> [Task]:
The answer should consist of the full listing below, repeated exactly and free of pictures.

> [Collected data]:

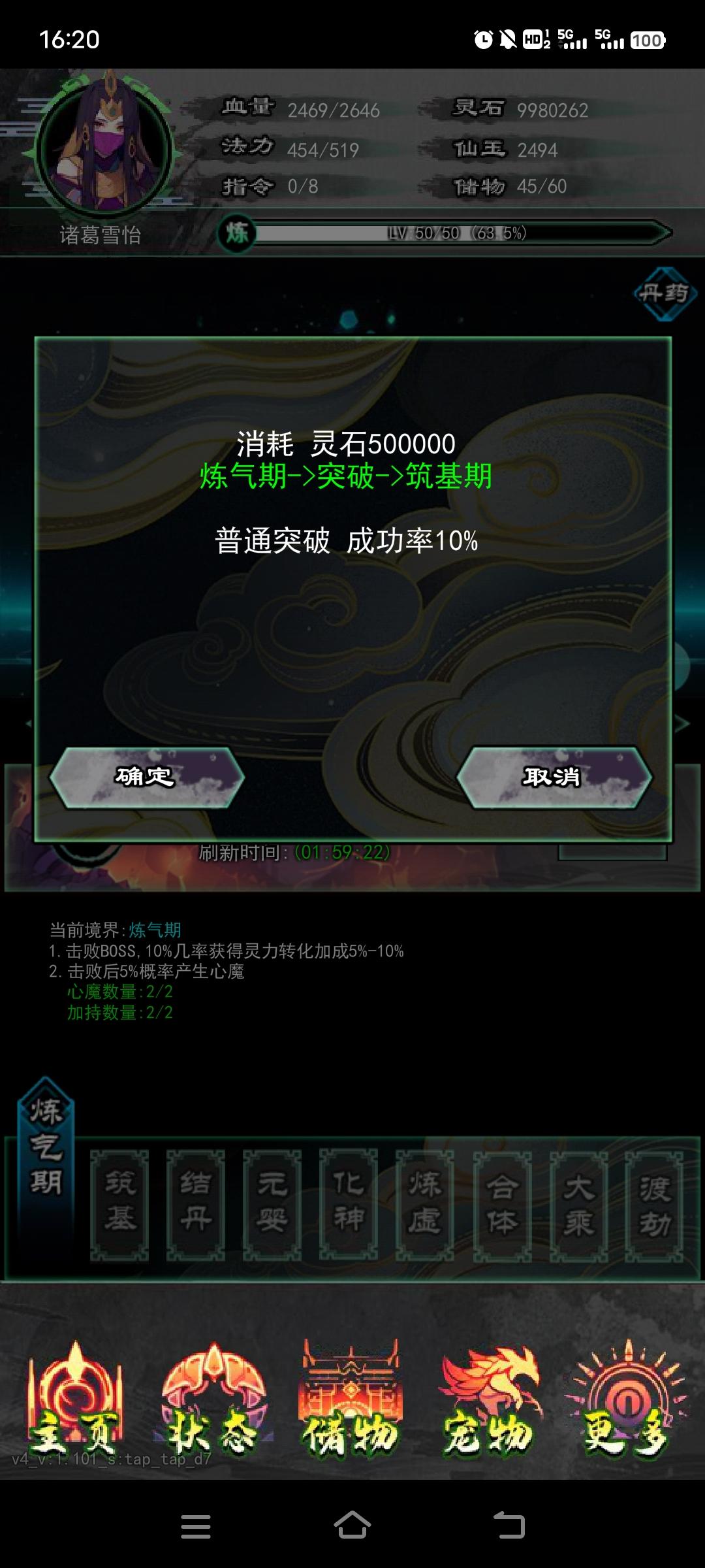 今天50级了,开始突破了,目前买丹100%渡劫成功是要花1000万金币买丹,强制突破概率10%,消耗50万灵石,金币目前还是很缺的,前期不能乱花
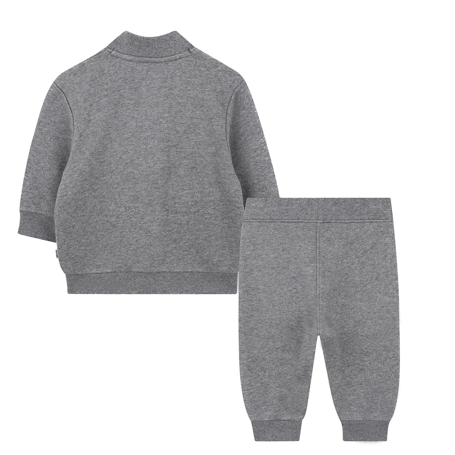 Hugo Boss σκούρο γκρι φούτερ σετ αποτελούμενο από ένα bomber μπουφάν και casual παντελόνι. Το μπουφάν διαθέτει τετράγωνες τσέπες, κλείσιμο με κουμπιά και κεντημένο μονόγραμμα στο ίδιο χρώμα.
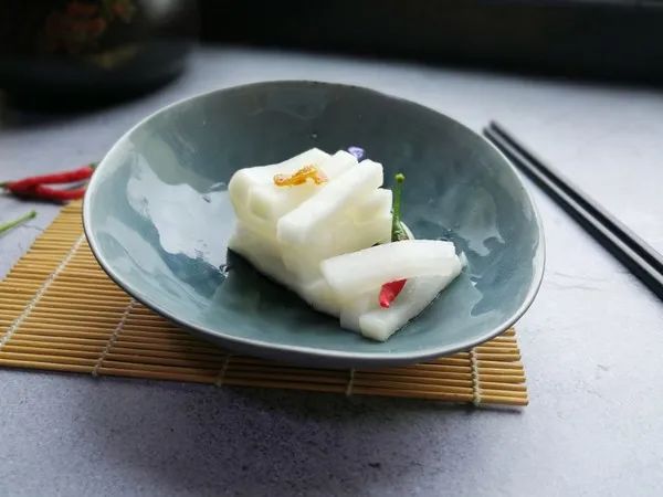 2、 切成条状或片状都可,加入三勺盐,把萝卜杀出水分和涩味,大约二三十分钟,时间长点也没关系。
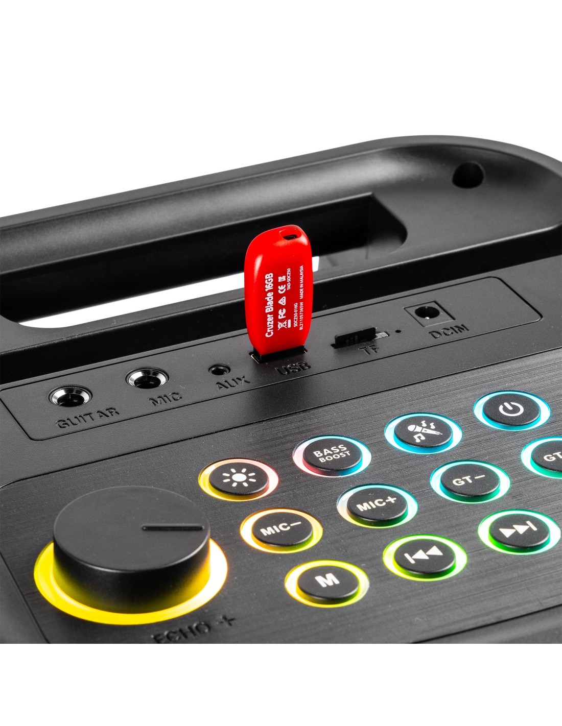 Si desea una durabilidad resistente y una conectividad infinita, la serie Core Party Speaker hará que triunfe la fiesta, esté donde esté. Con un espectáculo de luces sincronizadas en el frente y un panel de control claro en la parte superior, un sonido estéreo fantástico y una batería incorporada, ¡este es un altavoz que se ve genial y suena aún mejor! Core Party Speaker, que se caracteriza por la avanzada tecnología inalámbrica BT, le brindará música de alta calidad y garantiza una señal nítida. ¡Emparejar su teléfono u otro dispositivo habilitado para BT es súper fácil! Entonces, si busca alta potencia, gran sonido y un espectáculo de luces espectacular; Core Party Speaker ¡El iniciador de la fiesta!

> [Solution]:
 今天50级了,开始突破了,目前买丹100%渡劫成功是要花1000万金币买丹,强制突破概率10%,消耗50万灵石,金币目前还是很缺的,前期不能乱花
 Hugo Boss σκούρο γκρι φούτερ σετ αποτελούμενο από ένα bomber μπουφάν και casual παντελόνι. Το μπουφάν διαθέτει τετράγωνες τσέπες, κλείσιμο με κουμπιά και κεντημένο μονόγραμμα στο ίδιο χρώμα.
 2、 切成条状或片状都可,加入三勺盐,把萝卜杀出水分和涩味,大约二三十分钟,时间长点也没关系。
 Si desea una durabilidad resistente y una conectividad infinita, la serie Core Party Speaker hará que triunfe la fiesta, esté donde esté. Con un espectáculo de luces sincronizadas en el frente y un panel de control claro en la parte superior, un sonido estéreo fantástico y una batería incorporada, ¡este es un altavoz que se ve genial y suena aún mejor! Core Party Speaker, que se caracteriza por la avanzada tecnología inalámbrica BT, le brindará música de alta calidad y garantiza una señal nítida. ¡Emparejar su teléfono u otro dispositivo habilitado para BT es súper fácil! Entonces, si busca alta potencia, gran sonido y un espectáculo de luces espectacular; Core Party Speaker ¡El iniciador de la fiesta!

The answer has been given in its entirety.